The problem asks this:
Suppose that the second order linear equation
$$x^2y''+(3x+2x^3)y'-4y=0$$
has a fundamental set of solutions $\{y_1,y_2\}$ such that $y_1(1)=−3$, $y′_1(1)=2$, $y_2(1)=−2$ and $y′_2(1)=−4$
Then find explicitly the Wronskian $w(x)=y_1(x)y′_2(x)−y_2(x)y′_1(x)$
as $x>0$
I tried using $y=e^{rt}$ but I think this technique doesn't work for these types of problems. Any help at all is greatly appreciated!! Thank you
I don't understand your "I tried $y= e^{rt}$. The problem does not ask you to solve the equation!

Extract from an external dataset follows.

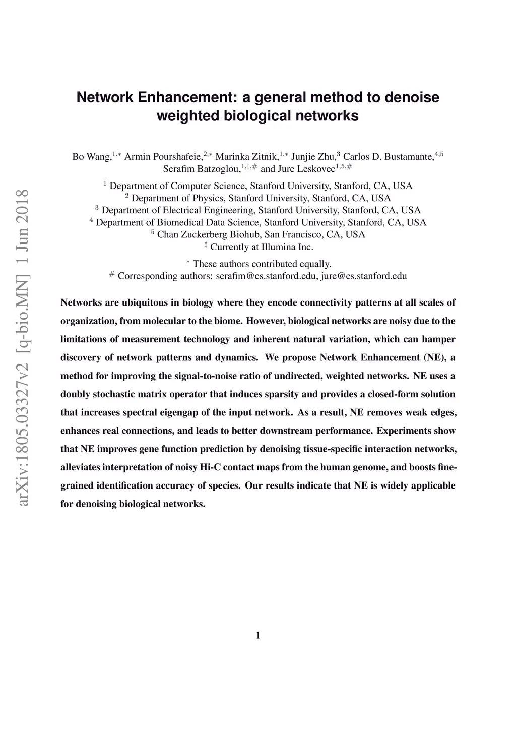Networks are ubiquitous in biology where they encode connectivity patterns at all scales of organization, from molecular to the biome. However, biological networks are noisy due to the limitations of measurement technology and inherent natural variation, which can hamper discovery of network patterns and dynamics. We propose Network Enhancement (NE), a method for improving the signal-to-noise ratio of undirected, weighted networks. NE uses a doubly stochastic matrix operator that induces sparsity and provides a closed-form solution that increases spectral eigengap of the input network. As a result, NE removes weak edges, enhances real connections, and leads to better downstream performance. Experiments show that NE improves gene function prediction by denoising tissue-specific interaction networks, alleviates interpretation of noisy Hi-C contact maps from the human genome, and boosts fine-grained identification accuracy of species. Our results indicate that NE is widely applicable for denoising biological networks.

I think you are completely misunderstanding this problem.
$$W(x)= y_1'(x)y_2(x)- y_1(x)y_2'(x)$$
Differentiating with respect to $x$, \begin{aligned} W'(x) &= y_1''y_2(x)+ y_1'(x)y_2'(x)- y_1'(x)y_2'(x)- y_1(x)y_2''(x) \\ &= y_1''(x)y_2(x)- y_1(x)y''(x) \\ &= \frac{3x+ 2x^3}{x^2}(y_1(x)y_2'(x)- y_1'(x)y_2(x))\\ &= \frac{3+ 2x^2}{x}W(x) . \end{aligned}
You want to solve the equation $W'(x)= \frac{3+ 2x^2}{x}W(x)$ with the initial condition $W(1)= y_1(1)y_2'(1)- y_1'(1)y_2(1)= -3(2)- (-4)(-2)= -6- 8= -14$.